2003 Indian Telugu-language film

Tiger Harischandra Prasad is a 2003 Indian Telugu-language action drama film directed by V. Samudra starring Nandamuri Harikrishna and Ramya Krishna. The film is based on the problems of peasants.

The film received pre-release hype, but it was released to mixed reviews. This film marked Posani Krishna Murali's sixth collaboration with Nandamuri Harikrishna and their only unsuccessful film.

== Production ==
The film was produced by P. Naga Lakshmi, who previously produced Aadi (2002). In October 2003, the film was shot in Chilakaluripet, Guntur (at Jinnah Tower) and Narasaraopet.
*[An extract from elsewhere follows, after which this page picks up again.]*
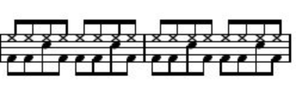 My drumming style in Celium is a combination of elements borrowed from electronic music as well as other elements from other genres that I practiced and worked on through my years as a musician. Firstly, I want to discuss the role of my drum-setup in the context of my drumming style. It is a hybrid drum setup, meaning it combines electronic and acoustic elements and sounds. As mentioned earlier, my main goal was to combine triggers and electronics with acoustic drums and maintaining my freedom around the drumkit. I wanted to have the possibility to use the techniques from the realm of acoustic drums, but also compliment these techniques with electronic sounds. From a technical perspective, the placement and use of triggers allows me to play the electronic sounds as if they were acoustic instruments. I could incorporate use of audio effects that I could modulate while playing to create even more complex sounds, however I chose to keep it simple and minimize the use of electronics to simple triggers. In the four on the floor genres, the bass drum plays a central role in the music, that’s why I chose to use a single bass drum trigger to play purely electronic bass drum sounds. This bass drum sound anchors my overall drum sound in the realm of electronic music. Another aspect of my setup that is worth mentioning is a technique I borrowed from Jojo Mayer which I described in the chapter 3.3. The cymbal-stack with a contact microphone trigger placed above my snare drum is used for a clap sound. Because of the placement of the cymbal, I can choose to either strike the cymbal/trigger itself or hit both the cymbal and the rim of my snare drum at the same time. This connects to the idea of complimenting techniques from acoustic drumming with electronic sounds.

As of 24 November 2003, the shooting of the film was complete except for two songs.

== Soundtrack ==
The soundtrack was composed by S. A. Rajkumar. Nachaki of Telugu Cinema wrote "The tunes are good, yes, but seem too common, and blame it partly on the beat used in the songs. The audience feels like they're listening to songs of a mid-80's movie, partly because of the theme of the movie!"

Track listing
| No. | Title | Lyrics | Singer(s) | Length |
|---|---|---|---|---|
| 1. | "Kadeddula" | Jaladi Raja Rao | S. P. Balasubrahmanyam, K. S. Chithra | 6:58 |
| 2. | "Premalona Emi Maya" | E. S. Murthy | Karthik, Shreya Ghoshal | 6:23 |
| 3. | "Cheppana" | Chirravuri Vijaykumar | Tippu, Swarnalatha | 4:21 |
| 4. | "Simhamochina" | Chirravuri Vijaykumar | S. P. Balasubrahmanyam, Sujatha Mohan | 4:56 |
| 5. | "Deshama" | Jaladi Raja Rao | S. P. Balasubrahmanyam | 5:24 |
| Total length: |  |  |  | 28:02 |

== Reception ==
Gudipoodi Srihari of The Hindu wrote that "Harikrishna gets a tailor made role well cut out for his style of acting, with rugged appeal. But some frivolous scenes including the comedy featuring Brahmanandam and Kovai Sarala, puts the film on a sidetrack". Jeevi of Idlebrain.com rated the film three out of five and wrote that "The last 20 minutes of the film is impressive. The rest of the film is narrated in old fashion. This film would take Hari Krishna close to the masses". In a negative review, a critic from Full Hyderabad wrote that "This might've as well been a B-grade Narayana Murthy revolutionary pain, but one doesn't associate pains with Ramya Krishna around. But that's the pain: she's hardly around. This seems like an emerging trend in Tollywood. Not Ramya Krishna's absence, but movies with social messages". Telugu Cinema wrote "[..] the film fails to evoke any interest neither to the audience targeted nor to the common audience. The film basically looks like R.Narayanamurthy films but has a huge starcast to reach the audience."